I squeezed his hand, grateful for the understanding. We stayed like that through the previews, hands clasped in the darkness where no one could see. It was such a small thing, but it felt monumental. A few weeks ago, the thought of holding another man’s hand would have sent me into a panic. Now, sitting here with James, it felt like the most natural thing in the world, even if I was just a little bit scared still.

The movie started, and I tried to focus on it. It was actually pretty good, funny and heartfelt in equal measure. But I kept getting distracted by James’s reactions. The way he laughed at the jokes, the subtle shift in his posture during the emotional scenes. At one point, about halfway through, he leaned over and whispered, “Thank you for bringing me.”

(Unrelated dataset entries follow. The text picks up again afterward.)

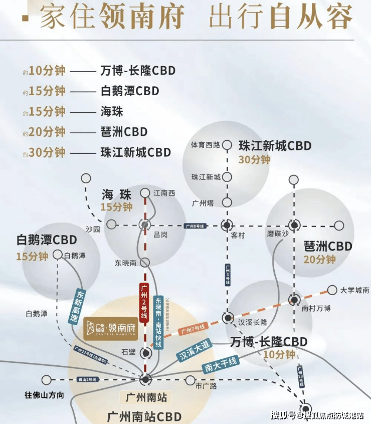 岭南府位于广州南站核心区,区位优势明显。广州南站是亚洲客流量第一的交通枢纽,拥有4条高铁线路、3条城际轨道、4条地铁,可实现1小时通达粤港澳大湾区主要城市。随着广州南站的不断发展和完善,其周边的商业、产业等配套也在不断升级。岭南府距2/7号线石壁站仅约300米,通过地铁可快速到达广州足球公园、长隆欢乐世界、万博商圈等热门区域,同时也可直达珠金琶、白鹅潭、海珠等地。此外,项目周边还有多个商业综合体在建,如约92万㎡新鸿基TOD综合体、合生创展合生汇综合体等,未来商业氛围将更加浓厚。随着南站板块的不断发展,岭南府的资产增值潜力巨大。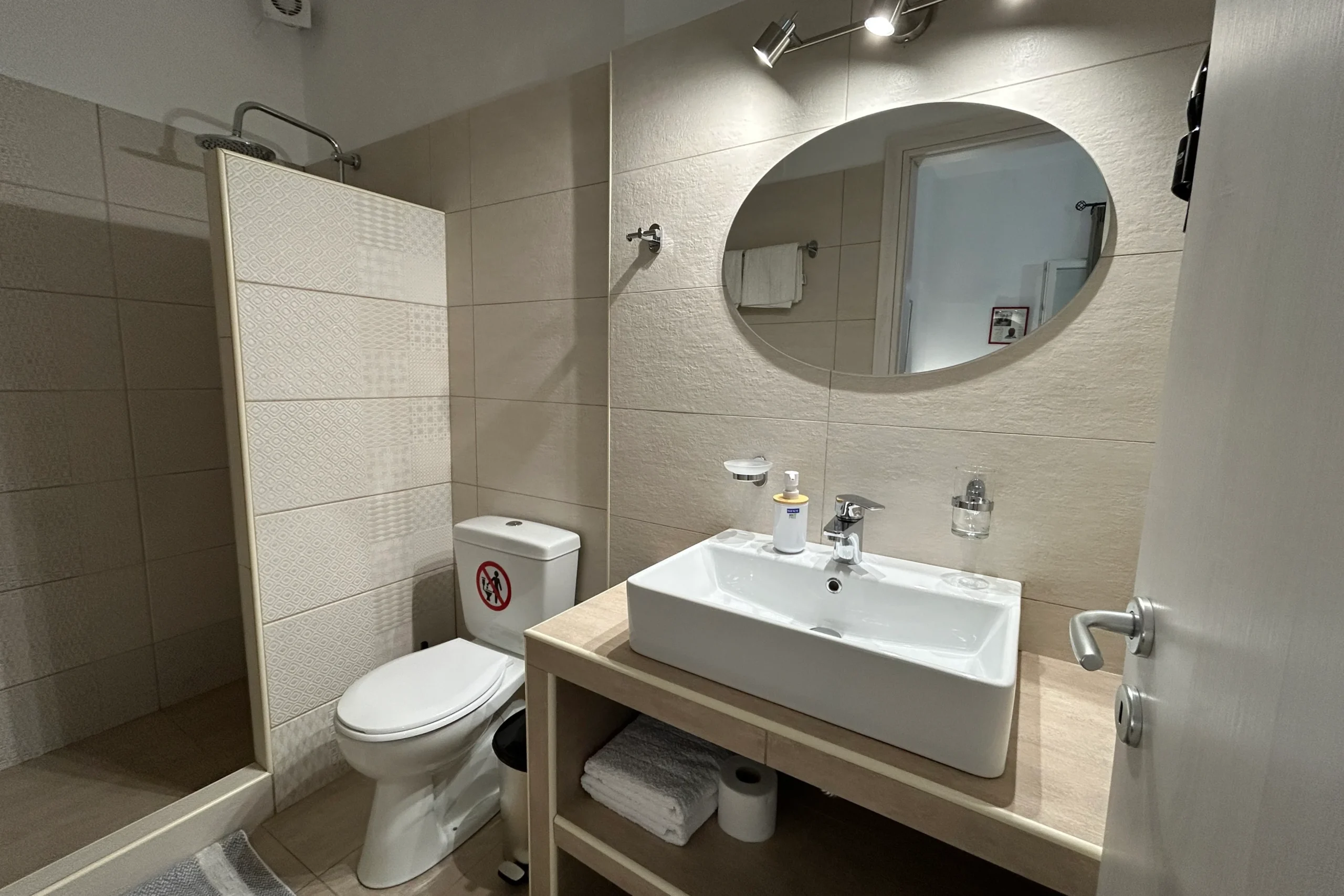 Το ιδιωτικό μπάνιο προσφέρει όλες τις απαραίτητες ανέσεις, όπως ντους, πετσέτες, στεγνωτήρα μαλλιών και δωρεάν προϊόντα περιποίησης. Η πρακτική διαρρύθμιση και η καθαριότητα του χώρου συμβάλλουν σε μια ευχάριστη και λειτουργική εμπειρία, εξασφαλίζοντας άνεση καθ’ όλη τη διάρκεια της διαμονής.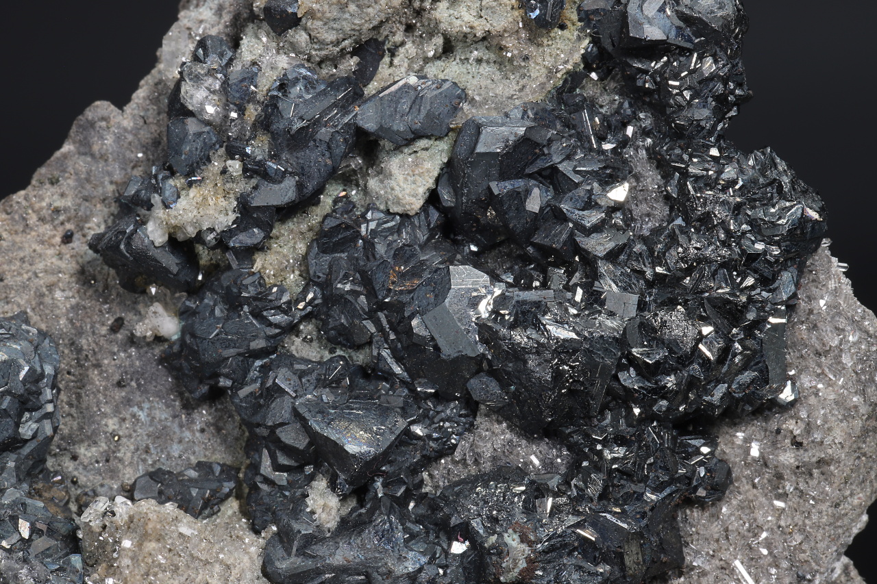 Reiche Druse von stahlgrauen Tennantit-Sulfidkristallen mit einer Größe von bis zu ca. 7 mm.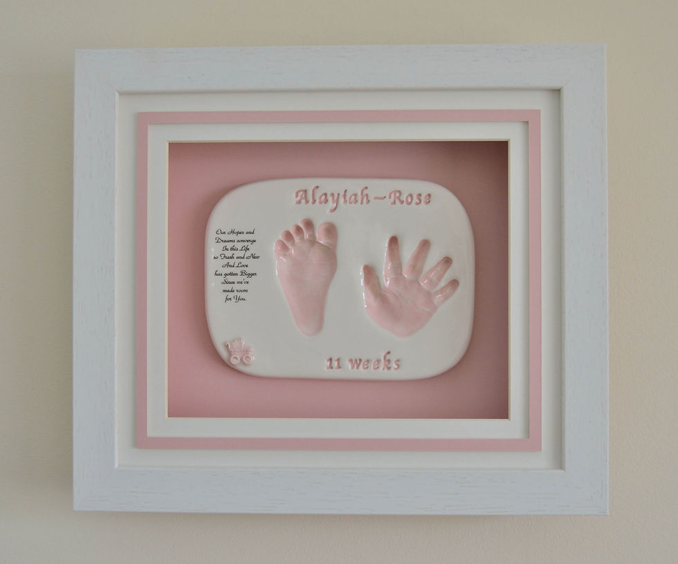 The ceramic prints product consists of a tile with prints that are pressed into the surface of the tile. They are a classic look as far as keepsakes go. If you were looking to have something a bit more contemporary or 3 dimensional, then please browse through the raised outprints or 3D casting range.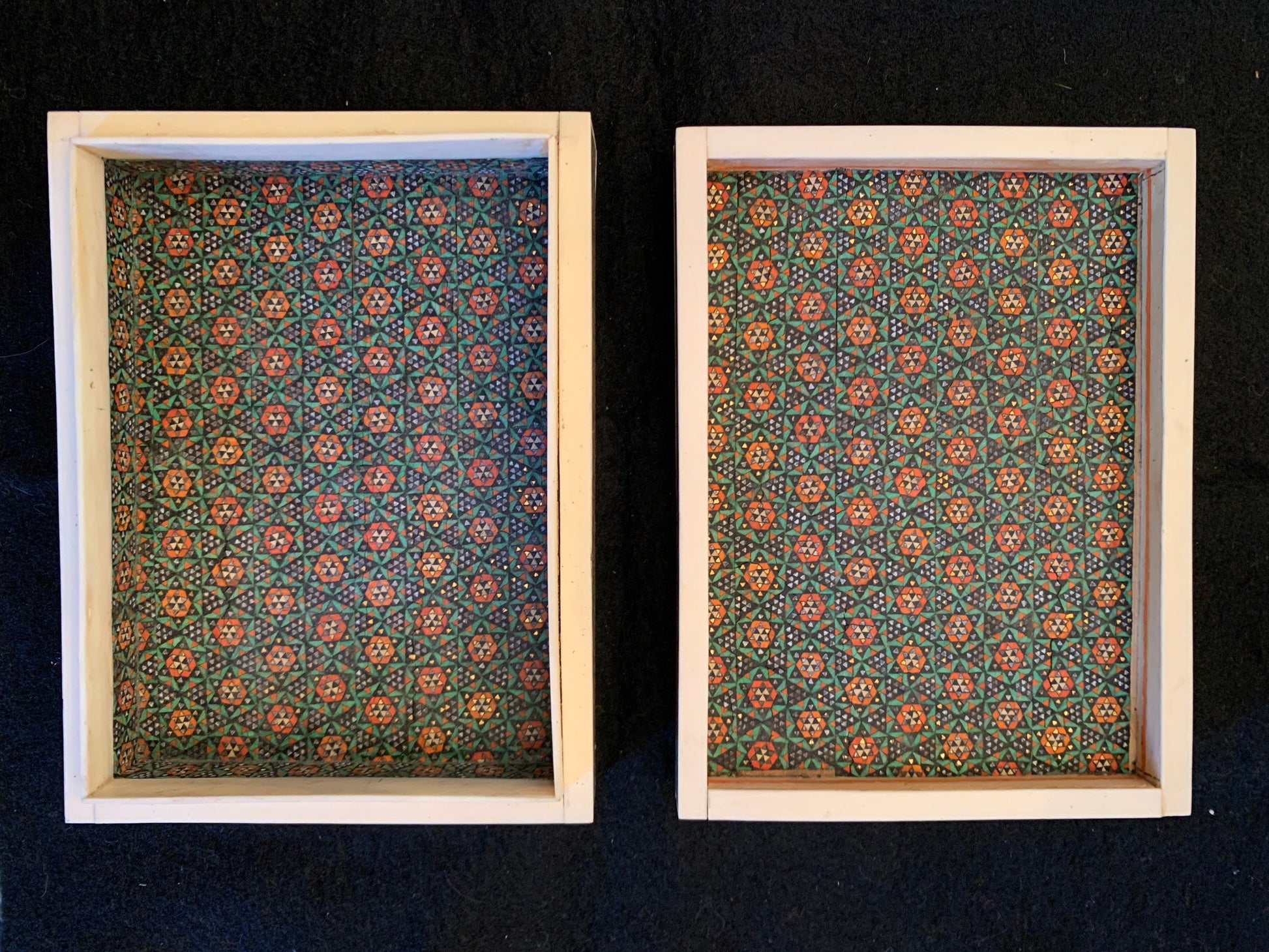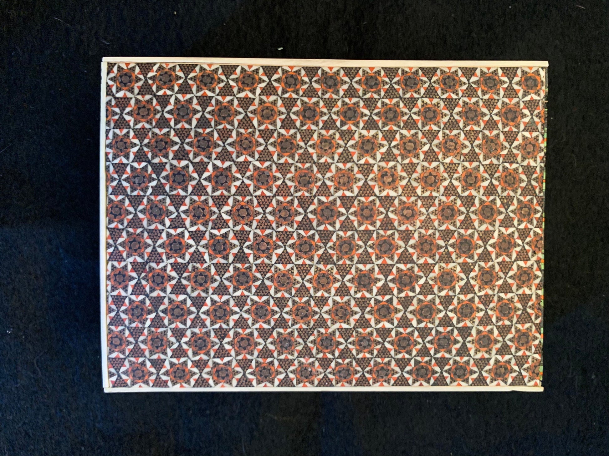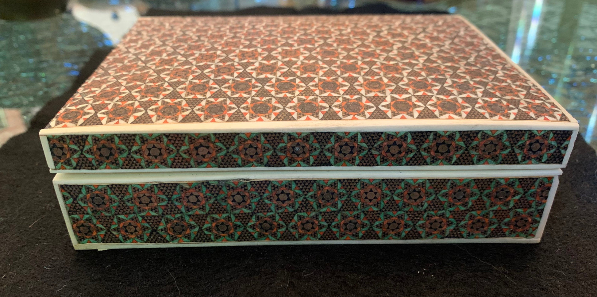 Vintage Wood Box. Box completely embellished with exotic inlay on the interior and exterior, possibly bone.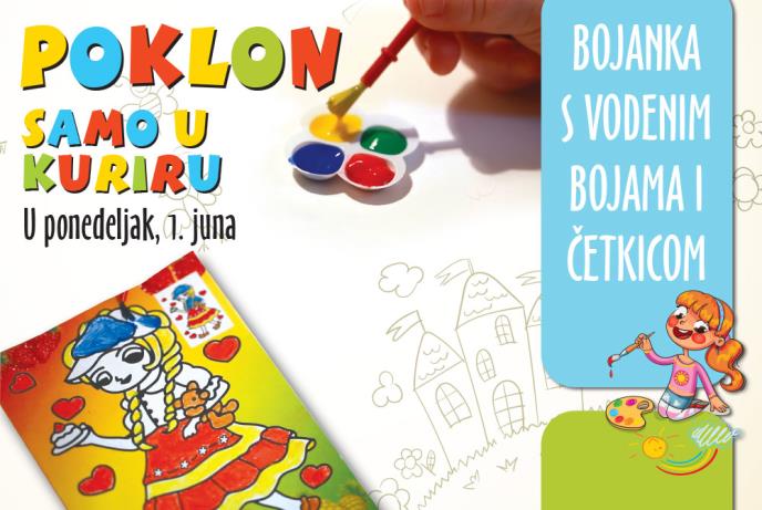 Dnevne novine Kurir spremile su sjajan poklon za najmađe. U ponedeljak, 1. juna, dobićete BOJANKU S VODENIM BOJAMA I ČETKICOM. U mini setu koji poklanjamo, dobićete bojanku, paletu, četiri vodene boje i četkicu. Deca će se satima zabavljati, dok će u isto vreme biti u mogućnosti da izraze svoju kreativnost.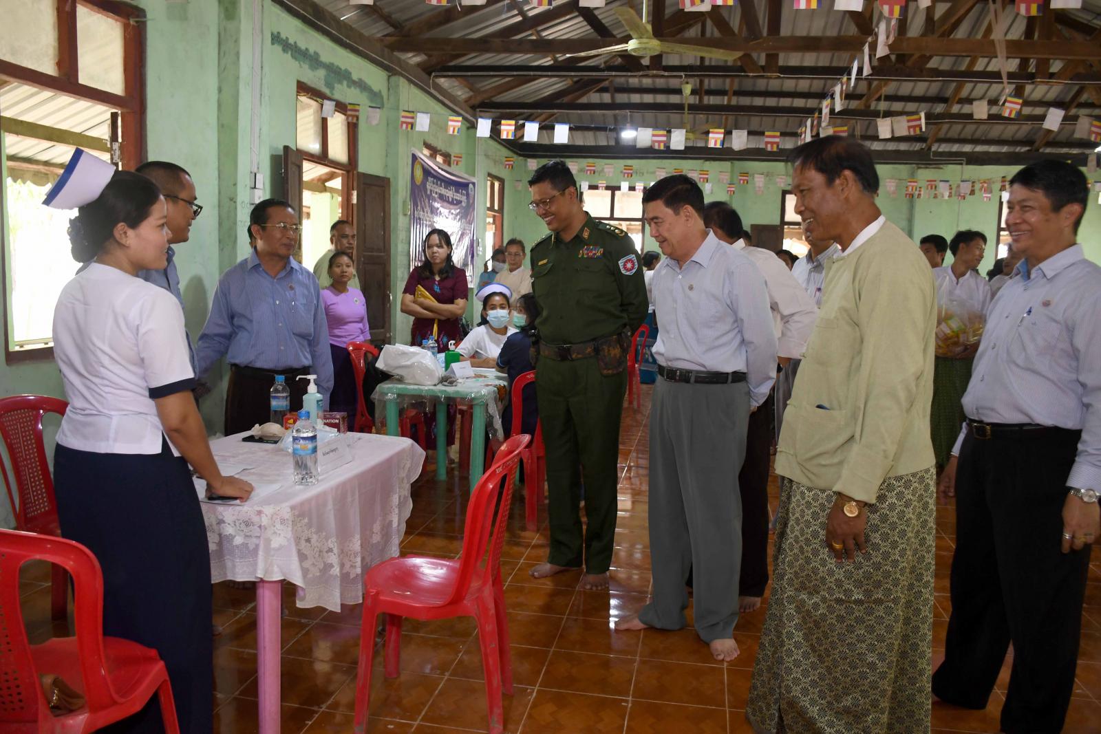 ရခိုင်ပြည်နယ်ဝန်ကြီးချုပ် ဦးထိန်လင်းသည် ပြည်နယ်ဝန်ကြီးများ၊ ဌာနဆိုင်ရာတာဝန်ရှိသူများနှင့်အတူ ယနေ့နံနက်ပိုင်းက စစ်တွေမြို့နယ် ဝါဘိုကျေးရွာ၌ စစ်တွေမြို့၊ ခုတင် ၅၀၀ ဆံ့ အထွေထွေ ရောဂါကု ဆေးရုံကြီးမှ အထူးကုဆရာဝန်ကြီးများက အခမဲ့ကွင်းဆင်းဆေးကုသနေမှုအား ကြည့်ရှုအားပေးပြီး ဒေသတွင်းစိုက်ပျိုးရေး၊ မွေးမြူရေး၊ ကုန်ထုတ်လုပ်မှုလုပ်ငန်းများ ရာနှုန်းပြည့် ဆောင်ရွက်နိုင်ရေးနှင့် ဒေသဖွံ့ဖြိုးရေးလုပ်ငန်းများဆောင်ရွက်နိုင်ရေး ဒေသခံပြည်သူများနှင့်တွေ့ဆုံကြသည်။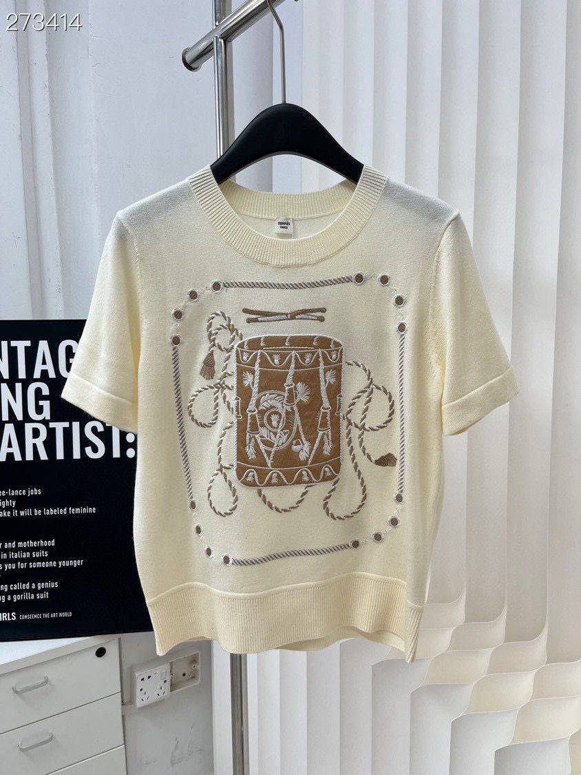 Футболка Hermes LUX-104462 — это воплощение элегантности и стиля. Мягкая кремовая футболка с круглым вырезом и короткими рукавами, украшена эксклюзивным принтом с изображением барабана, создавая уникальный и запоминающийся образ. Идеально подходит для создания изысканных повседневных образов.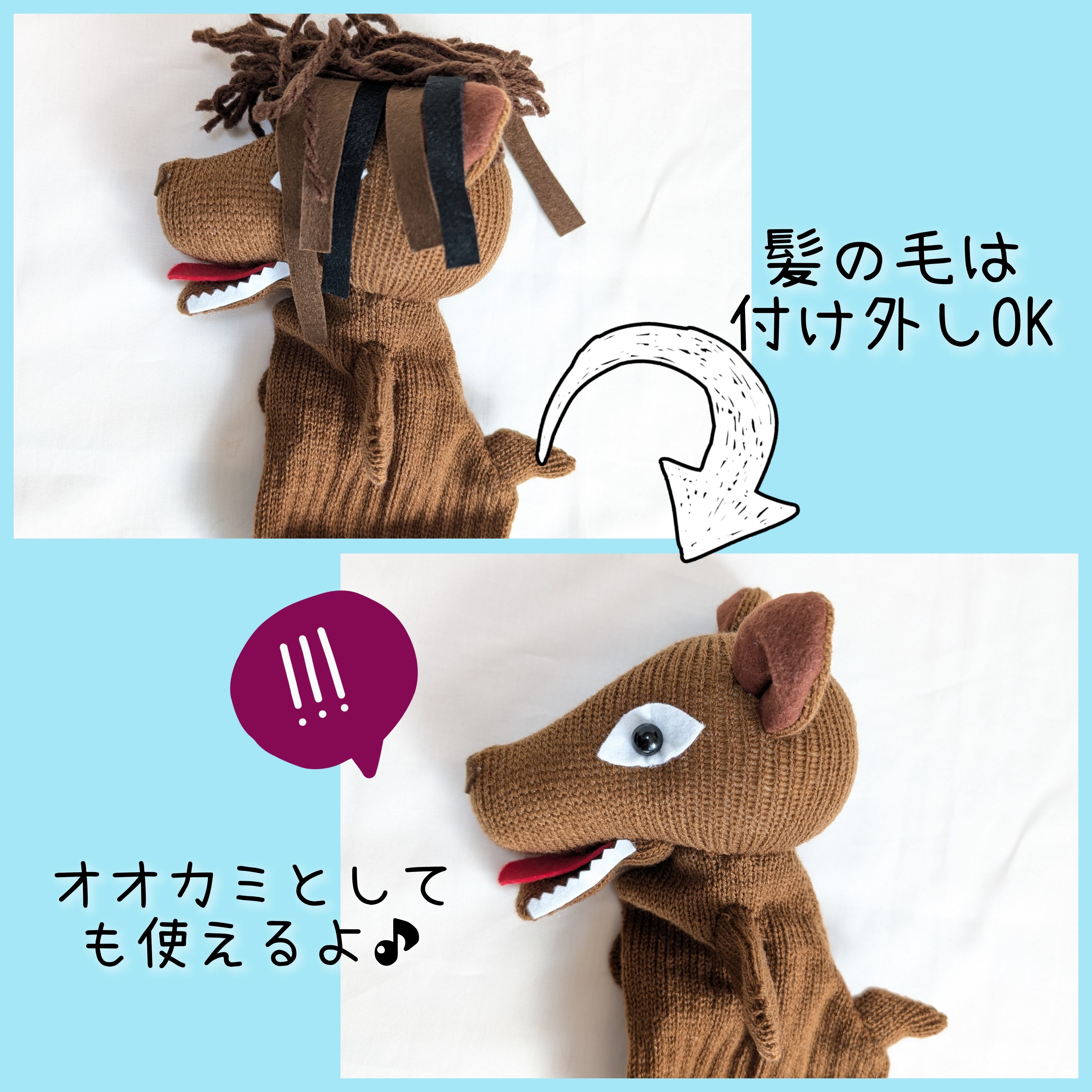 パペット人形になっているので、手にはめて演じてください(*^^*)

“It’s just a movie,” I whispered back.

“It’s not, though.” His thumb traced circles on the back of my hand. “It’s you making an effort. Doing something I wanted to do just because I wanted to do it. That matters.”

The words hit me harder than they should have. How many times had Brittany asked me to do something with her, and I’d made excuses or half-assed my way through it? How many times had I prioritized what I wanted over what she needed?

But with James, it was different. I wanted to make him smile. I wanted to see that light in his eyes when he was happy. And if that meant sitting through an animated movie about talking animals or whatever the hell this was, then that’s what I’d do.

“You’re doing it again,” James murmured, amusement in his voice.

“Doing what?”

“Staring at me instead of watching the movie.”

“Can’t help it.” The words came out before I could stop them, raw and honest in a way that probably should have scared me.

James turned to look at me fully, the movie forgotten. In the dim light, I could see the emotion in his eyes. It was something tender and vulnerable that made my breath catch.

“Kent—”

A loud laugh from someone a few rows ahead broke the moment. James glanced toward the screen, then back at me. “We should watch the movie.”

“Right. The movie.”

But neither of us looked away for another few seconds, caught in that suspended moment where everything else fell away. Then James smiled, soft and private, and turned back to the screen. His hand stayed in mine, though, warm and steady.

I forced myself to focus on the movie, actually paying attention this time. It was something about a family of creatures who had to learn to work together, with the typical animated movie beats—conflict, resolution, heartwarming message about accepting differences. The kind of thing that I usually rolled my eyes at.

Now, sitting here with James’s hand in mine, the message hit a little too close to home. Accepting differences. Learning to see past what you thought you knew about someone. Finding family in unexpected places.

By the time the credits rolled, I was more emotionally affected than I wanted to admit. James stood, stretching, and I reluctantly let go of his hand.

“So?” he asked as we filed out with the handful of other moviegoers. “What did you think?”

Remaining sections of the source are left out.